The Tauber Valley Railway (German: Taubertalbahn) is a single-tracked, unelectrified, standard gauge railway between Wertheim and Crailsheim in the state of Baden-Württemberg in southern Germany. It runs alongside the Tauber to Weikersheim, then along the Vorbach and Blaubach rivers. It is recorded in the timetable as route no. 782. Until 9 December 2006 it had been route no. 788.

==History==
After the completion of surveys of the area in 1858, work for the Tauber Valley Railway started in 1864 with the survey of the route. Actual construction of the Tauber Valley Railway began in October 1866 on the Lauda–Wertheim section and in August 1868 construction began on the Mergentheim–Crailsheim section, which cost almost 16 million gulden. The first section between Lauda and Hochhausen was completed in 1867 and the rest of the line was completed a year later. On 23 October 1869, operations on the Lauda–Mergentheim and the Mergentheim–Crailsheim sections were officially inaugurated by officials of the governments of the Kingdom of Württemberg and Grand Duchy of Baden. On that day, it became possible to travel for the first time all the way from Wertheim to Crailsheim. The Tauber Valley Railway from the beginning was of a great importance for travelling for the “cure” in Bad Mergentheim. In the summer of 1939, through coaches ran from Berlin to Bad Mergentheim. During the Second World War, the Tauber Valley Railway was spared from air raids, with the exception of minor destruction in Lauda and Crailsheim. In the 1950s, an express train ran between Frankfurt and Ulm on the Tauber Valley Railway. Through coaches ran again to Bad Mergentheim from Hamburg and Duisburg as well as from Dortmund after 1968. These services ended in 1988 or 1989.

==Current situation==
Deutsche Bahn has threatened to close the Tauber Valley Railway several times, but this has not come to pass. In 2003 extensive renovation and modernisation work started on the line, including the laying of new tracks on part of the line, the renewal of level crossings, the cleaning of the track bed and the restoration of a damaged railway embankment near Lauda. These measures cost about €15 million. Since October 2009, the Niederstetten tunnel has been extensively renovated and the section between Schrozberg and Niederstetten has been overhauled. Since 1 January 2006, the DB subsidiary Westfrankenbahn has maintained the railway infrastructure as well as operated services on the Tauber Valley Railway.

===Passengers===
As a result of cycling tourism in the Tauber Valley and the neighbouring Main Valley, many cyclists use trains on the line. So the Main Valley Railway and the Tauber Valley Railway are served from March to October by special carriages for bicycle transportation. On the second Sunday in August there is a car-free Sunday in the Tauber Valley. On this day the Tauber Valley road is closed to traffic and it used only by bicycles and inline skaters. Special trains operate on the Tauber Valley Railway on that day with discounted tickets and excellent accommodation for bicycles, which is well used.

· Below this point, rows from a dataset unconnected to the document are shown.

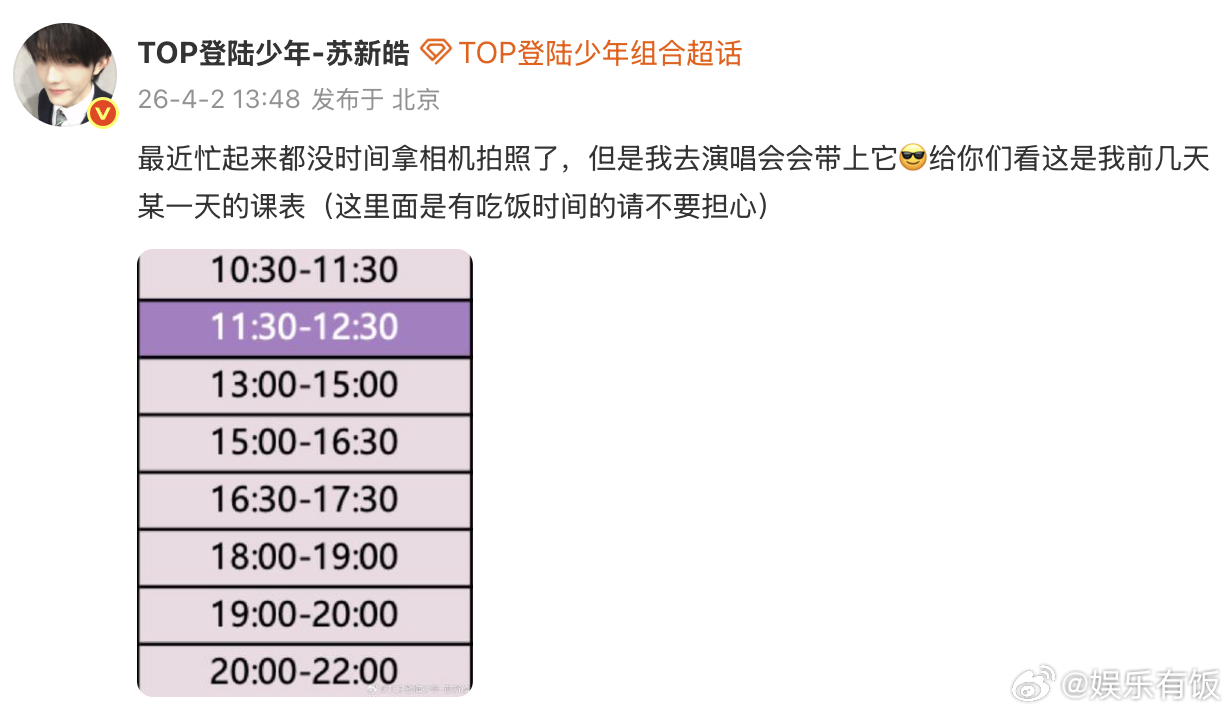 低精力人看完苏新皓课表都力竭了 看了这满满当当的日程表,低精力人直接原地力竭!从早排到晚的行程,小苏这自律程度真的太拼了~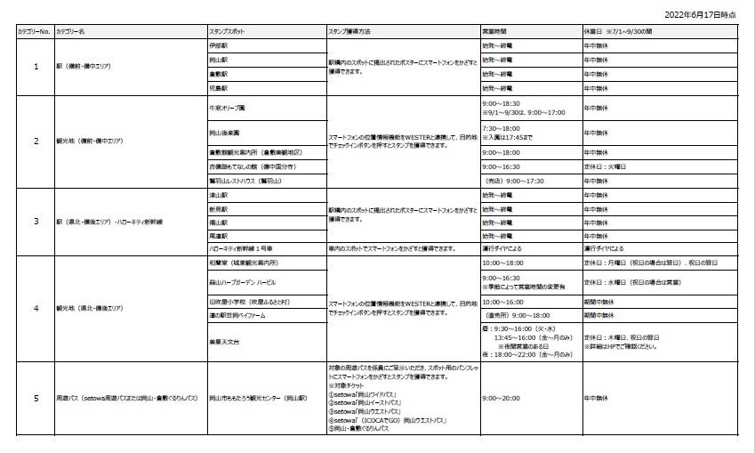 この度、7月から9月まで開催される岡山デスティネーションキャンペーンに合わせ、岡山・備後の駅や観光地を舞台に、JR 西日本が提供する移動生活ナビアプリ「WESTER」とせとうち観光ナビ「setowa」、およびギックスが提供する個客選択型スタンプラリー「マイグル」を活用したデジタルスタンプラリーを実施いたします。
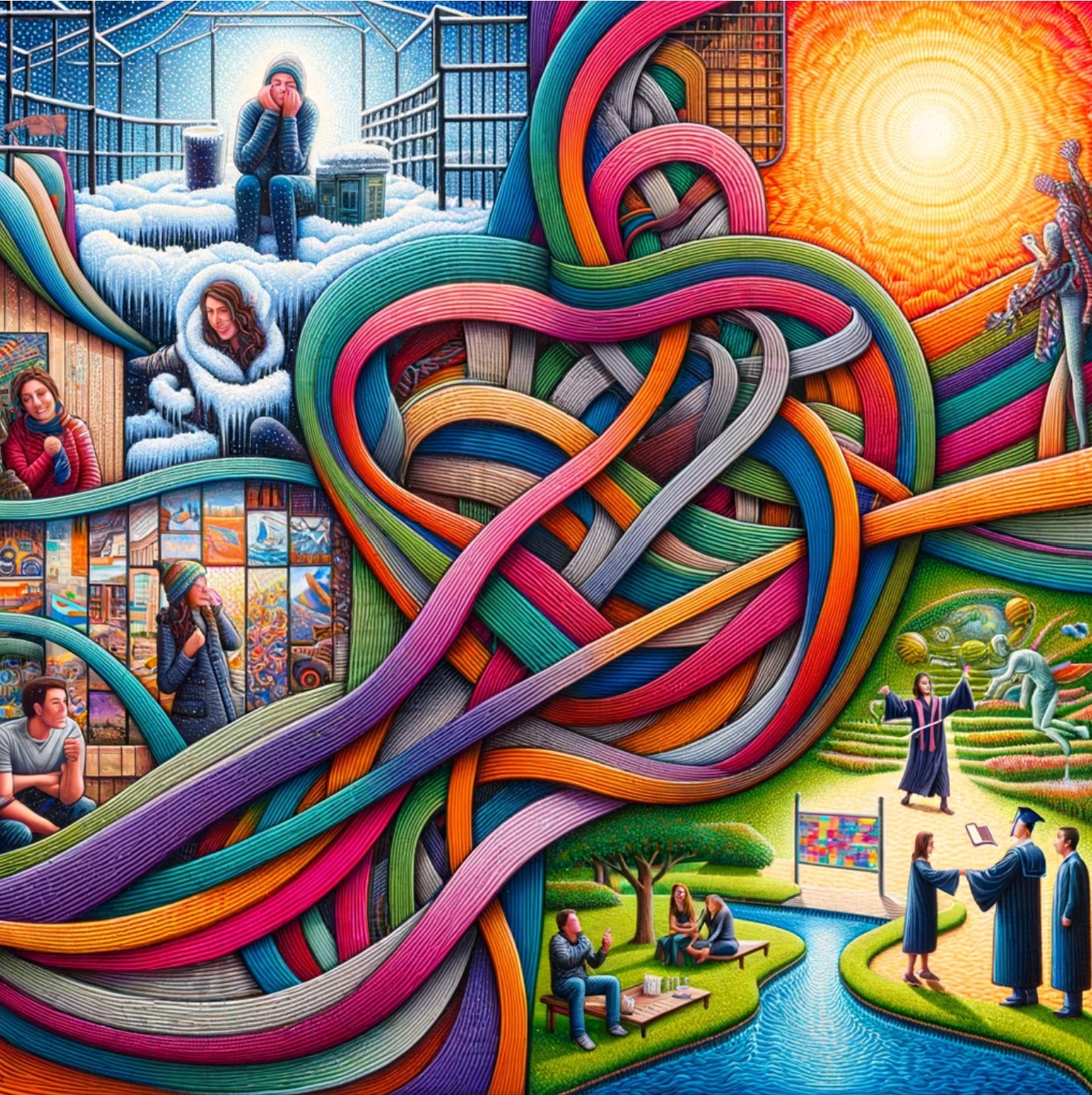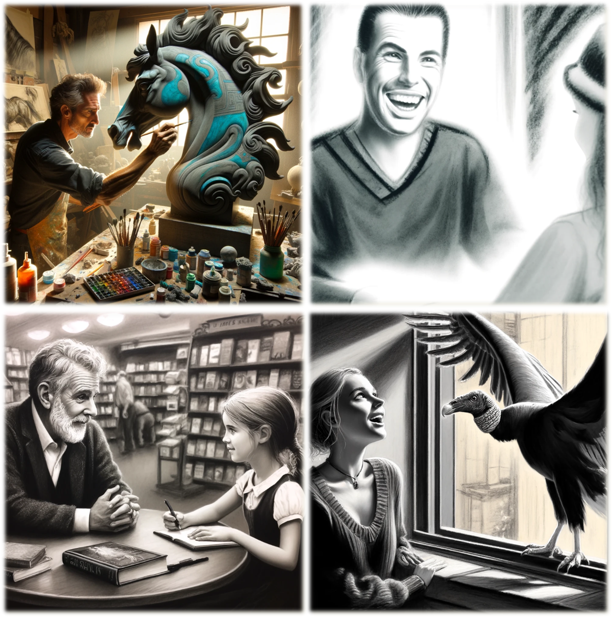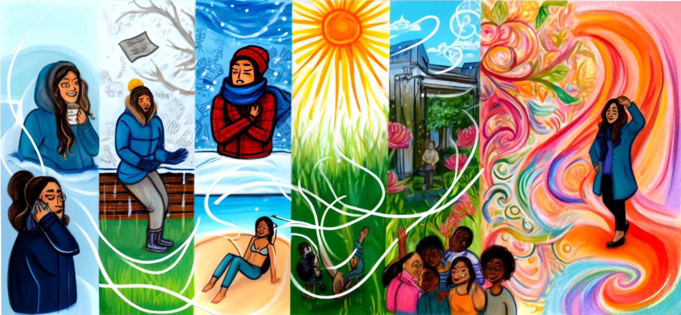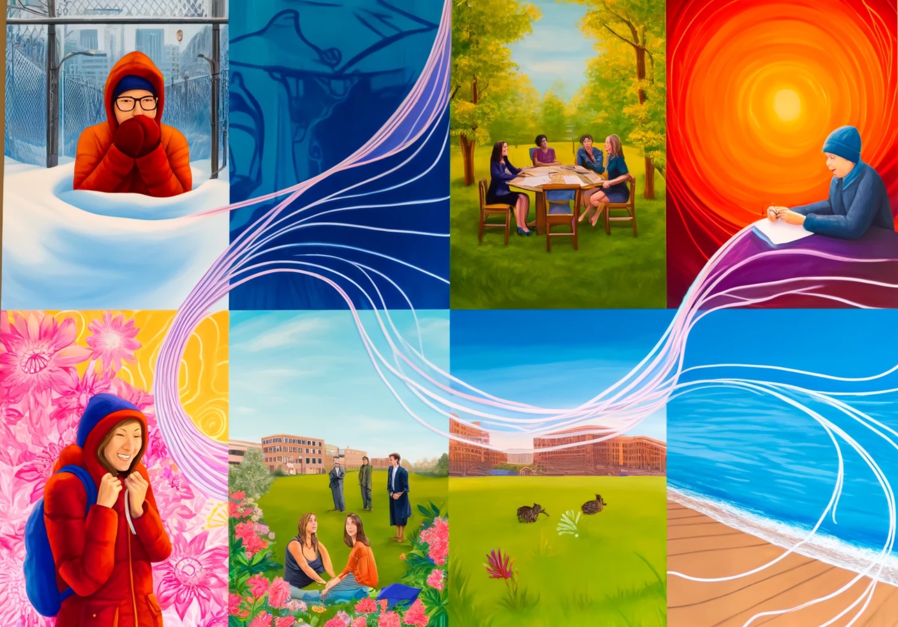 In the early days, we would transcribe the sessions and then use Generative AI to create artwork based on the experiences that people shared. While we are not continuing that process right now, you might enjoy looking at some of the work that was created in 2024.

Since 10 September 2007, Satteldorf station has been reopened in the industrial area of the village. At the same time, the bus services was profoundly restructured to focus on the station and reduced on the parallel road.

Following the reopening of Satteldorf, an interest group fought for the reopening of the station in Wallhausen (3,500 inhabitants), which took place after several delays on 15 December 2013.

The line is predominantly operated with class 628 diesel multiple units.

==Train crash in Schrozberg==
Two Regional-Express trains crashed on 11 June 2003, killing six people and injuring others.